**Available data**.
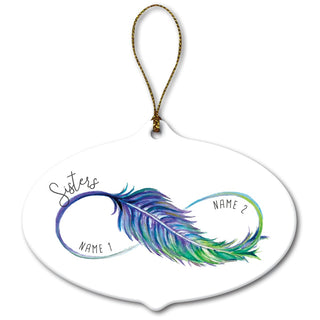 Sister Infinity Feather Personalized Ceramic Oval Ornament
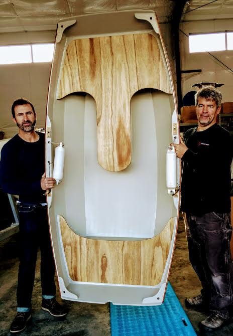 We put together the first prototype in short order, then developed a simple sailing rig. That small hull is shown here, with Josh Colvin on the left and Brandon Davis on the right.
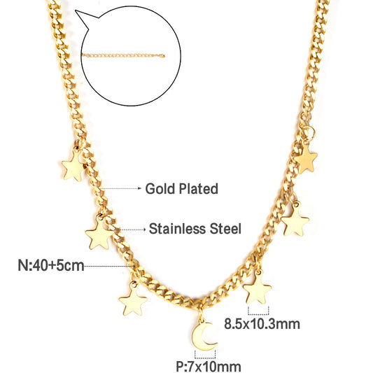 Wholesale 18K Gold Star & Moon Pendants Necklace
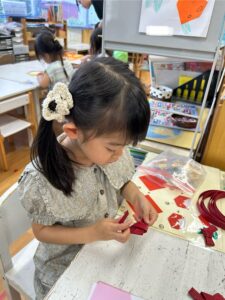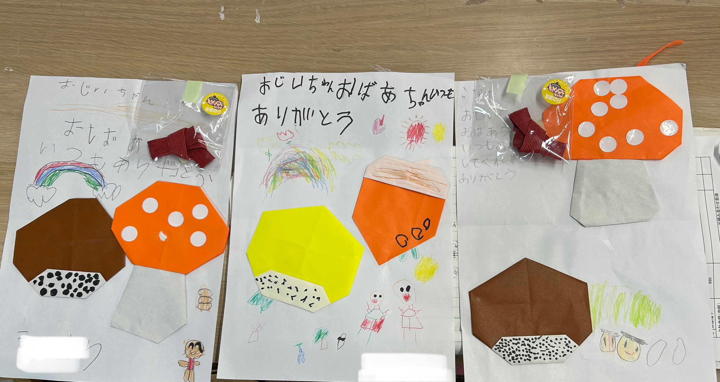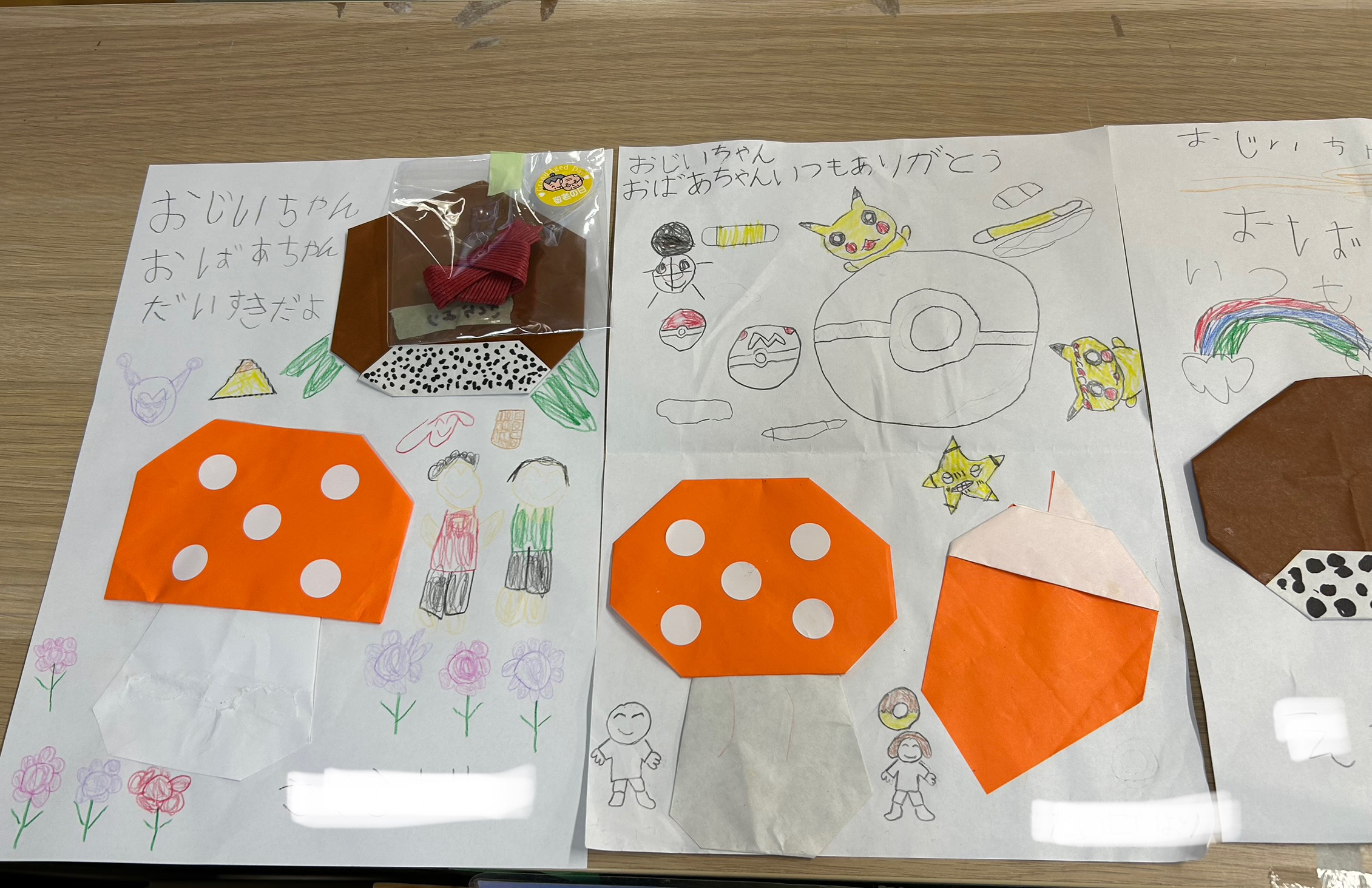 9月15日は敬老の日🥰 お仕事の中で、プレゼントコーナーを作りました。季節の折り紙を折り、お手紙を書いたり、ペーパークラフトを利用して「結ぶ」手作業で、箸置きを作ったりしました(^^) バックの絵もいろいろ☺️ おじいちゃん、おばぁちゃんの顔を描いたり、鉛筆を何本か一緒に持ち、虹を描いたりと工夫して描いていました♡ 日頃の感謝の気持ちを込めて☺️
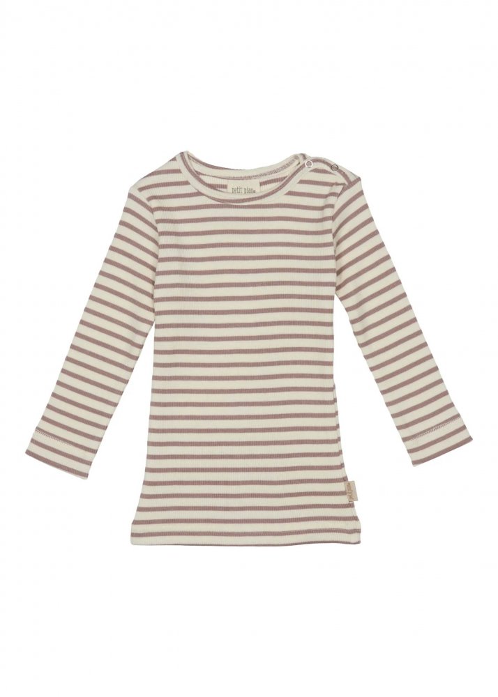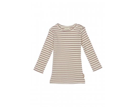 Lækker rib t-shirt i beige med lys lilla striber.Blusen har rund halsudskæring, lange ærmer og lukkes med trykknapper på venstre skulder.
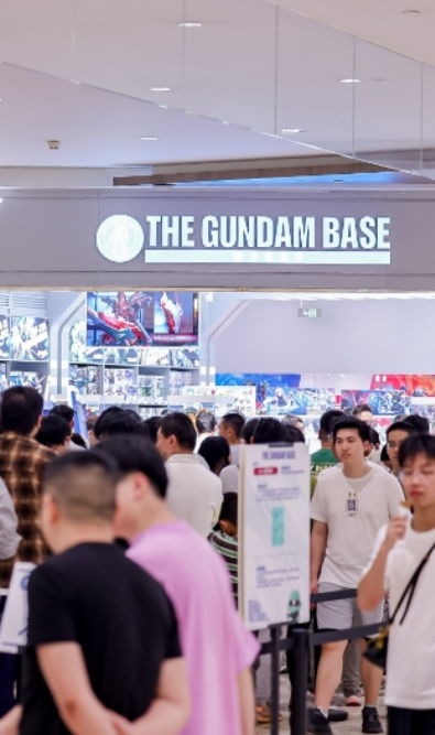 武漢天地壹方南館高達(dá)店鋪擠滿排隊(duì)的年輕人。
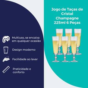 A Taça de Cristal Champagne 225ml é a escolha perfeita para brindar com sofisticação e elegância. Com capacidade de 225ml, ela foi projetada para realçar as características da sua bebida favorita, oferecendo uma experiência de degustação única.
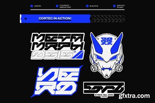 Make your work bolder with CORTEC, the ultimate futuristic mecha typeface inspired by industrial and mecha-robotics. This stunning and powerful font cuts through the noise, bringing a bold industrial edge to your designs. With its sleek and futuristic design, CORTEC is perfect for clothing, album artwork, posters, headlines, and logotypes. Add CORTEC to your design toolkit today and unleash the cutting-edge style of this versatile font. FEATURES True Type Font (TTF) Open Type Font (OTF) Web Open Font Format (WOFF1 & WOFF2) Contains 96 glyphs Uppercase, Numeral, Punctuation & Symbols

**What to work on**. Reproduce the data above word for word from its first line through the line that holds "A Taça de Cristal", both ends included; skip pictures.

**Answer section**.
 Sister Infinity Feather Personalized Ceramic Oval Ornament
 We put together the first prototype in short order, then developed a simple sailing rig. That small hull is shown here, with Josh Colvin on the left and Brandon Davis on the right.
 Wholesale 18K Gold Star & Moon Pendants Necklace
 9月15日は敬老の日🥰 お仕事の中で、プレゼントコーナーを作りました。季節の折り紙を折り、お手紙を書いたり、ペーパークラフトを利用して「結ぶ」手作業で、箸置きを作ったりしました(^^) バックの絵もいろいろ☺️ おじいちゃん、おばぁちゃんの顔を描いたり、鉛筆を何本か一緒に持ち、虹を描いたりと工夫して描いていました♡ 日頃の感謝の気持ちを込めて☺️
 Lækker rib t-shirt i beige med lys lilla striber.Blusen har rund halsudskæring, lange ærmer og lukkes med trykknapper på venstre skulder.
 武漢天地壹方南館高達(dá)店鋪擠滿排隊(duì)的年輕人。
 A Taça de Cristal Champagne 225ml é a escolha perfeita para brindar com sofisticação e elegância. Com capacidade de 225ml, ela foi projetada para realçar as características da sua bebida favorita, oferecendo uma experiência de degustação única.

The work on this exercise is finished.